Sollicitée, l’Agence régionale de santé (ARS) souligne : “Le docteur Olivier Choquet, de l’équipe de médecins anesthésistes-réanimateurs du CHU de Montpellier dirigée par le professeur Xavier Capdevila, a transposé une technique d’infiltration lombaire échoguidée jusqu’alors utilisée pour soulager les suites opératoires des interventions sur le rachis, aux situations de poussée aigüe de lombalgie commune consécutives à un incident ou un accident mécanique (‘faux mouvement’). A l’issue d’un processus de triage permettant de rechercher une pathologie spécifique, le patient se voit proposer une infiltration d’un médicament de longue durée d’action à effets anesthésique et analgésique.”

“Traiter au plus près les causes de la douleur lombaire aiguë”

Lumbago… Ph. Sasun Bughdanyan. Unsplash.

“Son objectif est de provoquer la sortie de la phase aigüe par décontraction du ou des muscles concernés (multifidus, érecteurs du rachis) donc le soulagement du patient, ce qui permet la reprise des mouvements.
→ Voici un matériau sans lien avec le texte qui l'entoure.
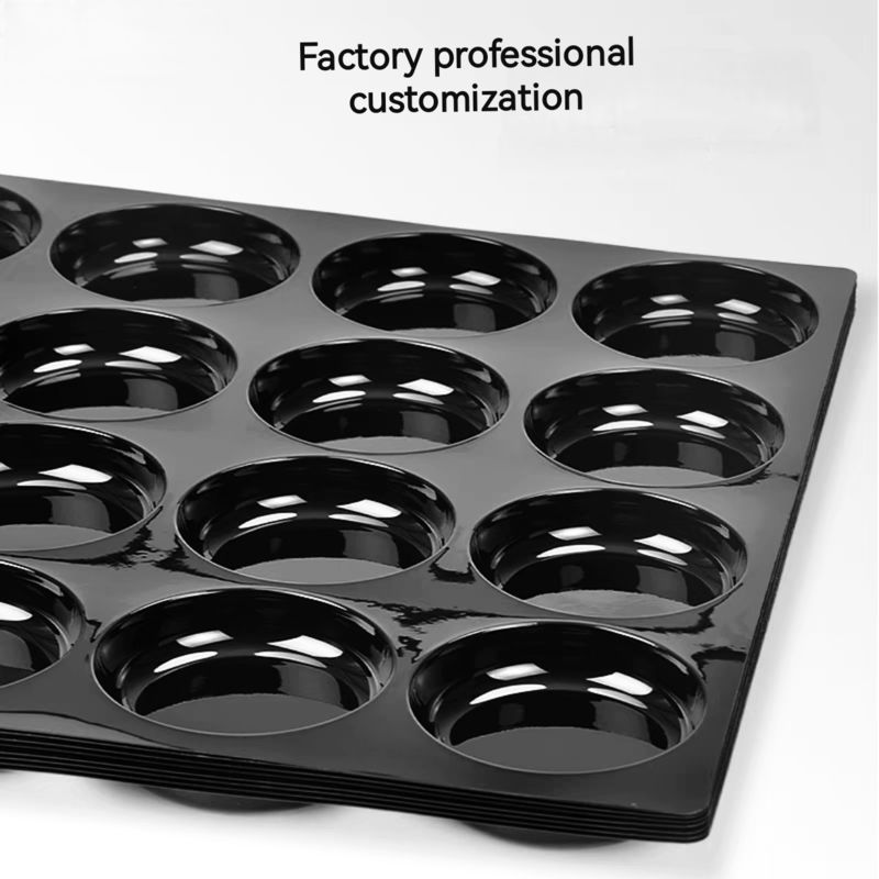 Customized 24/40 hole fruit tray is made of high-quality black PP or PET plastic, designed for displaying and showcasing fruits such as apples. The tray has 24 or 40 holes, which can stably place fruits in each hole, keeping them clean and orderly. The black appearance creates a fashionable and professional display effect, attracting consumers' attention.

Il s’agit donc de combiner trois techniques déjà éprouvées (infiltration, médicament, échographie) pour traiter au plus près les causes de la douleur lombaire aiguë, au moyen d’un acte dit “interventionnel”. Les résultats obtenus témoignent d’une diminution significative des scores de douleur sept jours après l’intervention.

La prise en charge

Le geste technique est simple, guidé par une technique d’imagerie non irradiante.
Il ne s’agit ni d’une péridurale ni d’une ponction lombaire mais d’une injection de type intramusculaire, la plupart du temps réalisée dans le fascia thoraco-lombaire (membrane musculaire des muscles du dos) : il n’y a donc pas d’intervention plus profonde sur la colonne vertébrale.

Ce geste peut être réalisé en ambulatoire, hors bloc, dans la position qui convient le mieux au patient (souvent assis ou à plat ventre). Le soulagement intervient dans les minutes suivant l’intervention, permettant au patient de retrouver sa mobilité et la voie du traitement “naturel” de la pathologie.

Offre de soins locale à Sète et Montpellier

Dans le département de l’Hérault, l’ARS identifie cette activité à Montpellier et Sète, proposée par des médecins anesthésistes-réanimateurs exerçant notamment au CHU de Montpellier et à la polyclinique Sainte-Thérèse. Une étude clinique nationale est en cours, destinée à objectiver les bénéfices et établir le protocole de cette intervention. Sa publication permettra aux acteurs et aux autorités de santé (ARS, Assurance maladie) d’obtenir la visibilité nécessaire pour le développement et la structuration de cette filière de soins nouvelle dans le département et l’ensemble de la région.”